## What the exercise asks
Restate the records in full and exactly, with no images included.

*** Stored data Section Begins ***

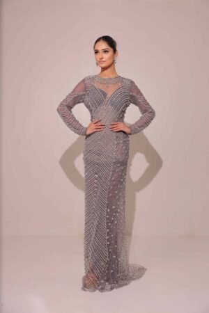 Ethereal and effortlessly elegant, our Grey Tulle Gown is a vision of understated luxury.
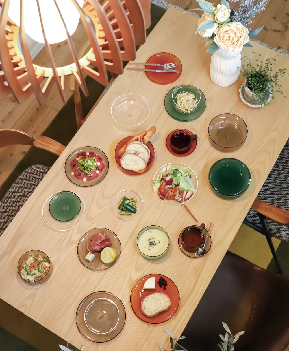 新作のプレート・ボウルはホウケイ酸ガラスの機能面を全面的に演出。
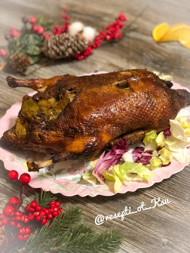 Утка с яблоками и апельсинами станет коронным блюдом на вашем праздничном столе. Она украсит любой праздничный стол. Утка получается нежной и очень вкусной с цитрусовой ноткой. #новыйгод #рождество Ингредиенты: утка, зелёных яблок, чеснока, апельсина, Специи по вкусу, Соль, Душистый перец, Сушёный розмарин, Чёрный перец Способ приготовления: Подготавливаем необходимые ингредиенты: утку промываем под холодной водой и обсушиваем бумажными полотенцем. Фрукты хорошенько промываем и нарезаем на дольки. Натираем утку специями сверху и внутри. Внутри выдавливаем сок апельсина, далее фаршируем яблоками и апельсинами, зашиваем. Выкладываем в рукав для запекания, завязываем и ставим мариноваться в холодильник на ночь. На следующий день достаём и выпекаем в разогретой духовке при 200°C 1,5 часа, затем утку аккуратно переворачиваем не разрезая рукав и ещё запекаем 30 минут при 150°C. ❗️Время запекания зависит от размера уточки и Вашей духовки.❗️ Чтобы утка получилась с хрустящей корочкой за 10 мин
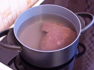 - اغسل الكبد ، خالية من الفيلم ، الأوردة ، وضعت على النار ، يُغلى المزيج ثم يُرفع الرغوة ويطهى لمدة 25 دقيقة أخرى.
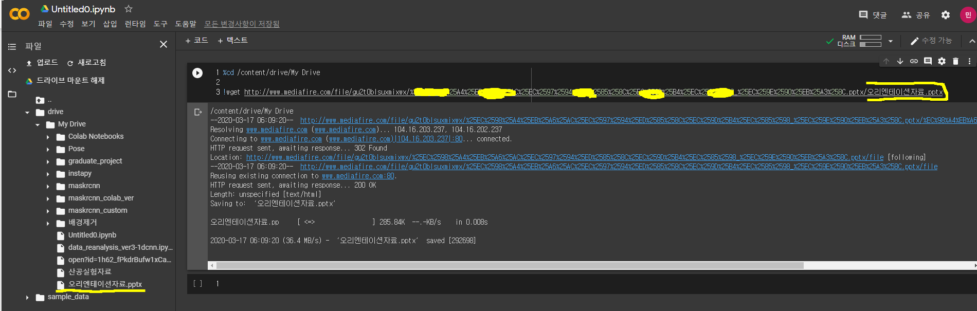 2) !wget 뒤에 MediaFire에서 링크를 복사한 것을 붙여넣는다.
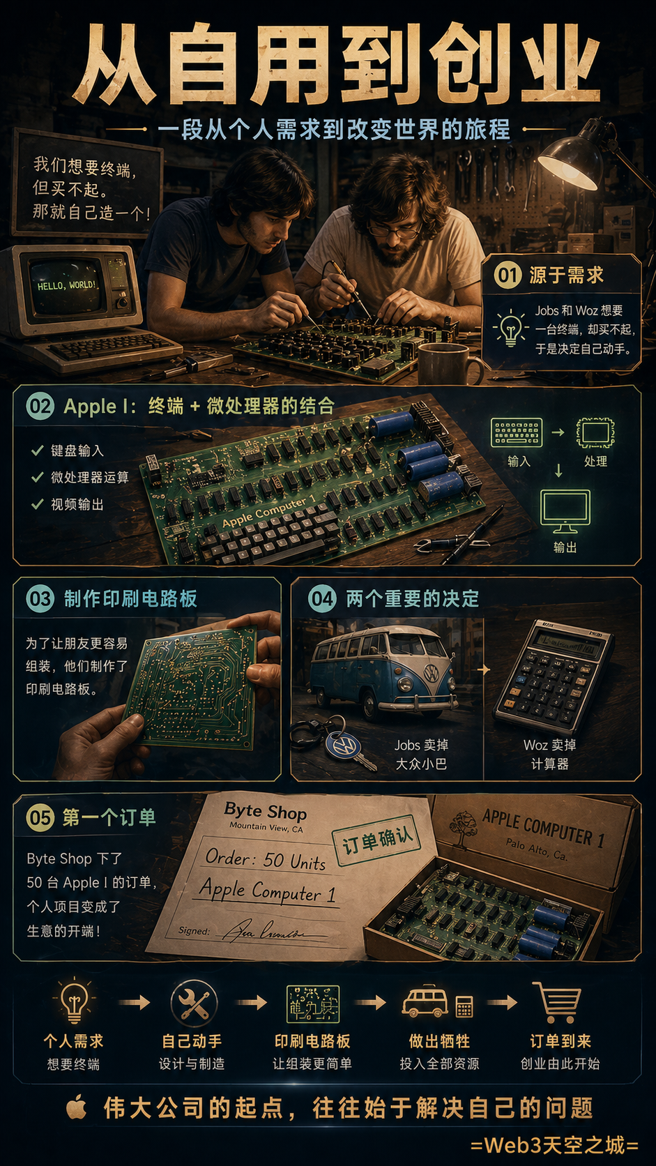 所以我们先是制造了终端,然后制造了Apple I。我们制造它其实是为了自用,因为我们买不起任何现成的设备。
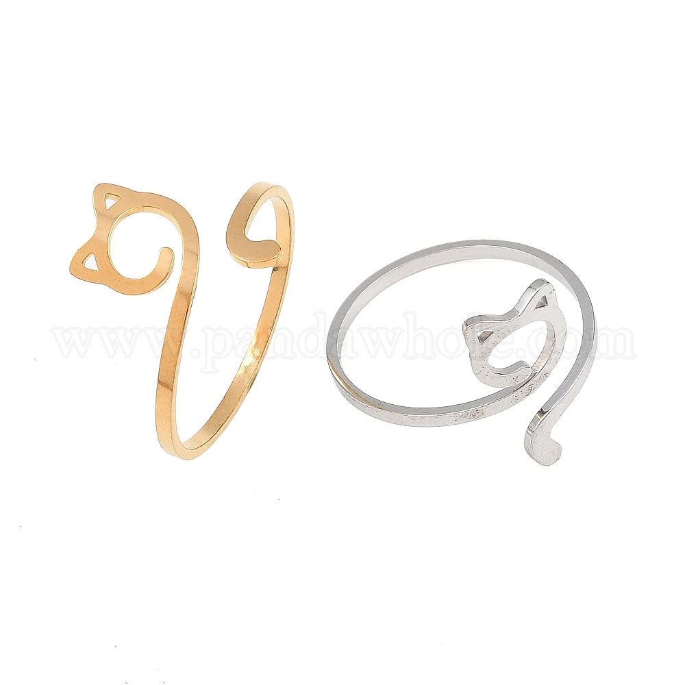 • Золотой 304 открытые кольца манжеты из нержавеющей стали, форма кошки, золотые, 1~9.5 мм, 20 мм
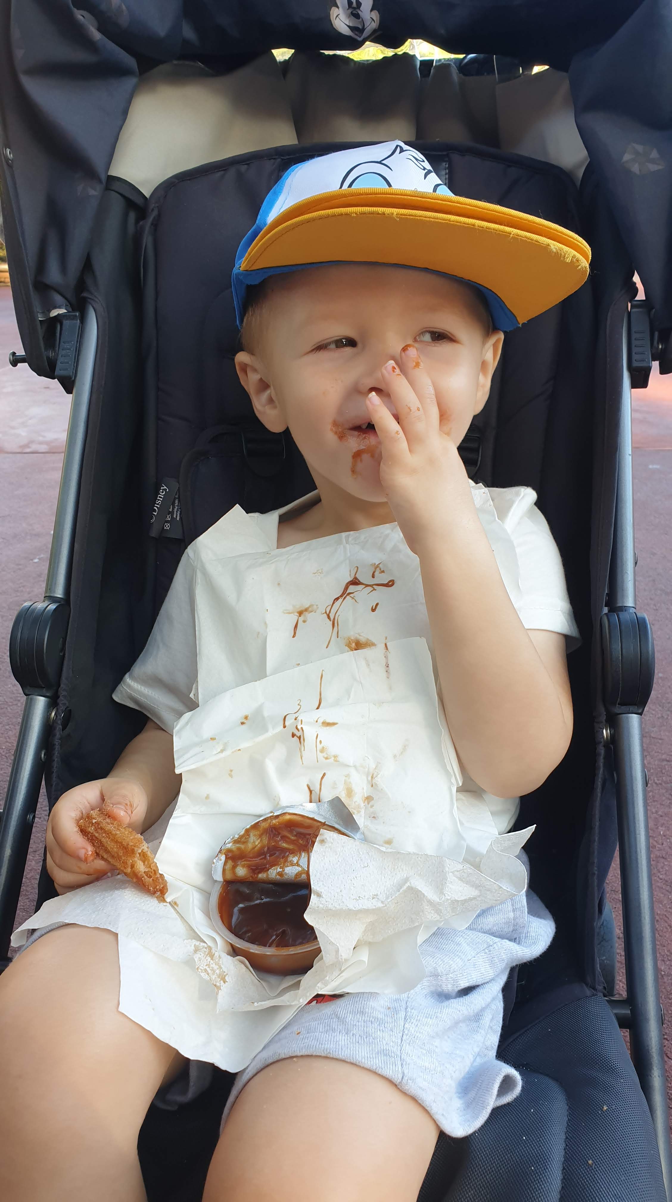 Pendant que papa et Ethan font l’attraction, Gabin s’amuse avec maman dans l’aire de jeux. Puis c’est au tour de maman de faire l’attraction avec Ethan (quel chanceux, le Baby Switch lui permet d’en profiter 2 fois plus). Mais pour Gabin, le temps est un peu long, et l’estomac se creuse. Heureusement, un stand près de l’attraction vend des churros à la cannelle, à tremper dans une pâte au chocolat ! Gabin se régale, et ça ouvre l’appétit à maman, qui revient trempée de l’attraction.
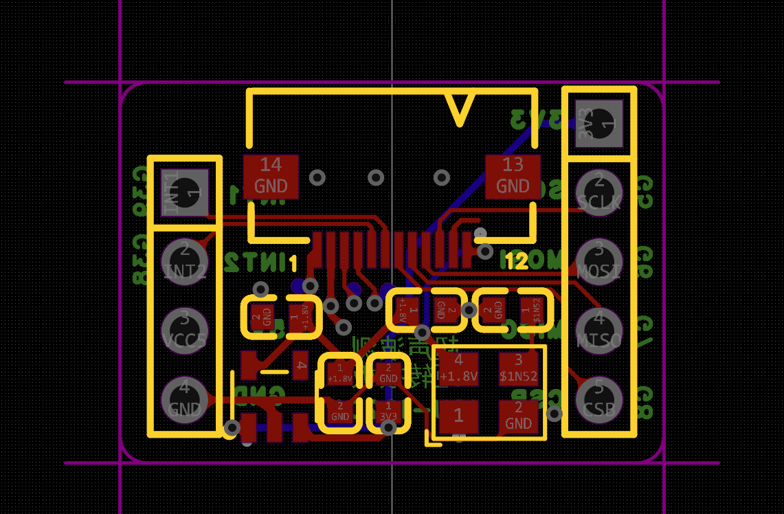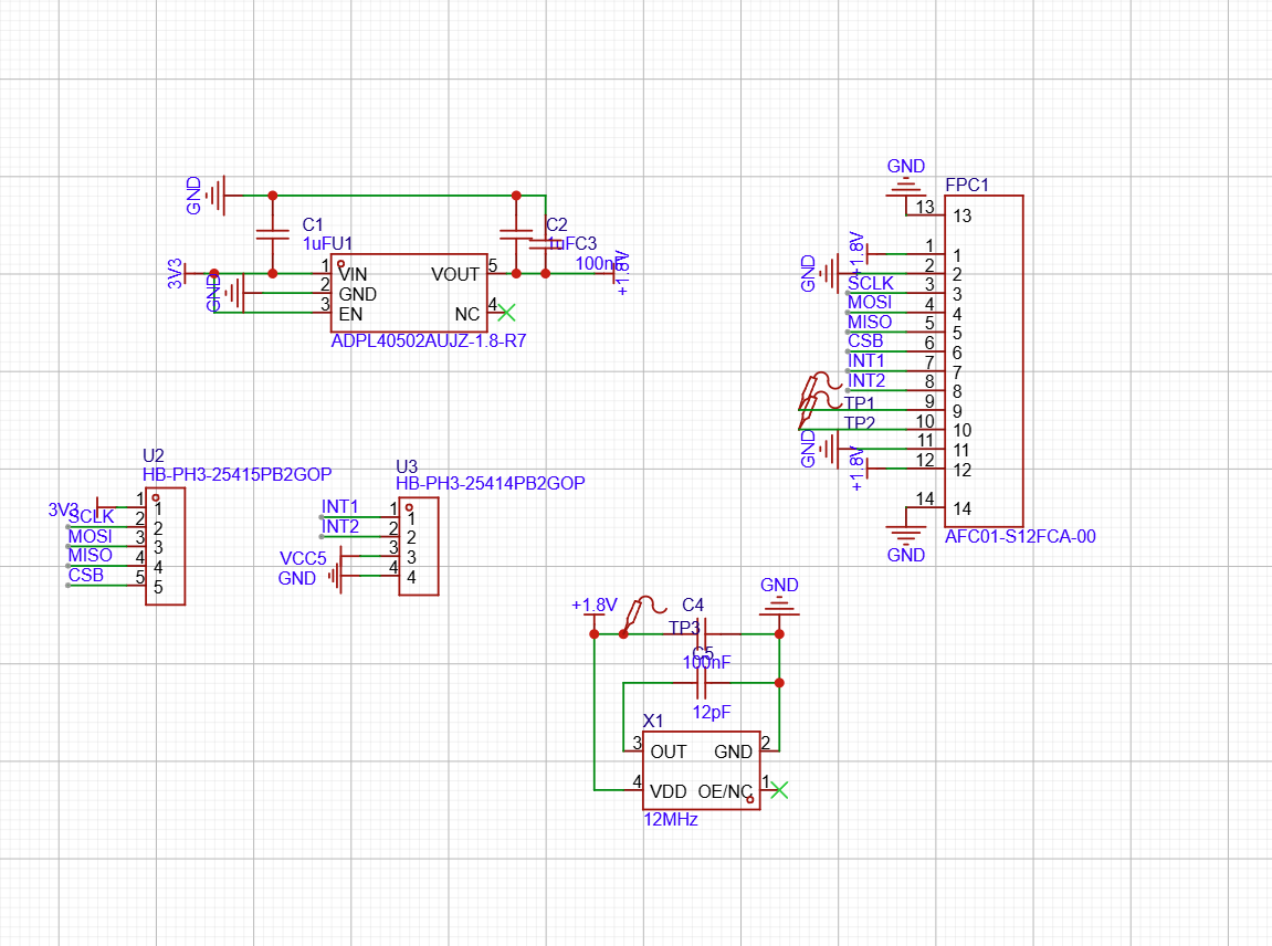参考着网上寻来的资料绘制好转接电路图。ICU-10201 超声波飞行时间传感器与主机通讯使用SPI总线。使用fpc座做接口,12P的,其中3、4管脚可以用来接一个外部晶振,但是还没看太明白是做什么用的。电路图设计上,先预留了这部分元器件,但是没有焊接,先留空。AtomS3开发板背面有6个GPIO输出,通过排针与转接板连接。
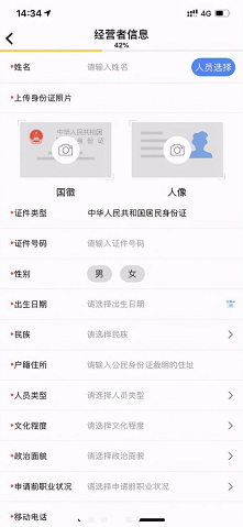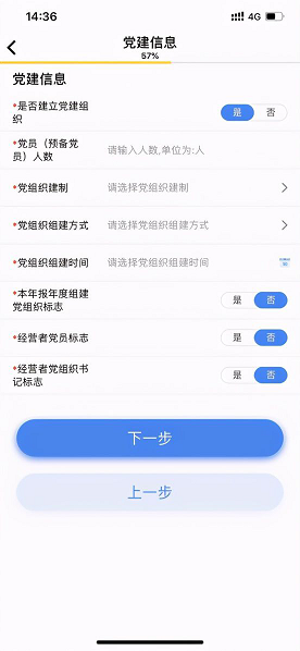 5、完善經(jīng)營(yíng)者信息、黨建信息。經(jīng)營(yíng)者信息可以直接通過(guò)“人員選擇”按鍵選擇經(jīng)辦人為經(jīng)營(yíng)者,或通過(guò)從圖片上傳身份證照片或掃描身份證原件等形式導(dǎo)入經(jīng)營(yíng)者信息,填寫標(biāo)紅星空格處之后進(jìn)入下一步完善黨建信息。黨建信息默認(rèn)為否,可直接點(diǎn)擊進(jìn)入下一步,若需要錄入黨建信息,則選擇“是”,完善標(biāo)紅星空格后,點(diǎn)擊進(jìn)入下一步,如下圖:

*** Stored data Section Ends ***

## Task answer
 Ethereal and effortlessly elegant, our Grey Tulle Gown is a vision of understated luxury.
 新作のプレート・ボウルはホウケイ酸ガラスの機能面を全面的に演出。
 Утка с яблоками и апельсинами станет коронным блюдом на вашем праздничном столе. Она украсит любой праздничный стол. Утка получается нежной и очень вкусной с цитрусовой ноткой. #новыйгод #рождество Ингредиенты: утка, зелёных яблок, чеснока, апельсина, Специи по вкусу, Соль, Душистый перец, Сушёный розмарин, Чёрный перец Способ приготовления: Подготавливаем необходимые ингредиенты: утку промываем под холодной водой и обсушиваем бумажными полотенцем. Фрукты хорошенько промываем и нарезаем на дольки. Натираем утку специями сверху и внутри. Внутри выдавливаем сок апельсина, далее фаршируем яблоками и апельсинами, зашиваем. Выкладываем в рукав для запекания, завязываем и ставим мариноваться в холодильник на ночь. На следующий день достаём и выпекаем в разогретой духовке при 200°C 1,5 часа, затем утку аккуратно переворачиваем не разрезая рукав и ещё запекаем 30 минут при 150°C. ❗️Время запекания зависит от размера уточки и Вашей духовки.❗️ Чтобы утка получилась с хрустящей корочкой за 10 мин
 - اغسل الكبد ، خالية من الفيلم ، الأوردة ، وضعت على النار ، يُغلى المزيج ثم يُرفع الرغوة ويطهى لمدة 25 دقيقة أخرى.
 2) !wget 뒤에 MediaFire에서 링크를 복사한 것을 붙여넣는다.
 所以我们先是制造了终端,然后制造了Apple I。我们制造它其实是为了自用,因为我们买不起任何现成的设备。
 • Золотой 304 открытые кольца манжеты из нержавеющей стали, форма кошки, золотые, 1~9.5 мм, 20 мм
 Pendant que papa et Ethan font l’attraction, Gabin s’amuse avec maman dans l’aire de jeux. Puis c’est au tour de maman de faire l’attraction avec Ethan (quel chanceux, le Baby Switch lui permet d’en profiter 2 fois plus). Mais pour Gabin, le temps est un peu long, et l’estomac se creuse. Heureusement, un stand près de l’attraction vend des churros à la cannelle, à tremper dans une pâte au chocolat ! Gabin se régale, et ça ouvre l’appétit à maman, qui revient trempée de l’attraction.
参考着网上寻来的资料绘制好转接电路图。ICU-10201 超声波飞行时间传感器与主机通讯使用SPI总线。使用fpc座做接口,12P的,其中3、4管脚可以用来接一个外部晶振,但是还没看太明白是做什么用的。电路图设计上,先预留了这部分元器件,但是没有焊接,先留空。AtomS3开发板背面有6个GPIO输出,通过排针与转接板连接。
 5、完善經(jīng)營(yíng)者信息、黨建信息。經(jīng)營(yíng)者信息可以直接通過(guò)“人員選擇”按鍵選擇經(jīng)辦人為經(jīng)營(yíng)者,或通過(guò)從圖片上傳身份證照片或掃描身份證原件等形式導(dǎo)入經(jīng)營(yíng)者信息,填寫標(biāo)紅星空格處之后進(jìn)入下一步完善黨建信息。黨建信息默認(rèn)為否,可直接點(diǎn)擊進(jìn)入下一步,若需要錄入黨建信息,則選擇“是”,完善標(biāo)紅星空格后,點(diǎn)擊進(jìn)入下一步,如下圖:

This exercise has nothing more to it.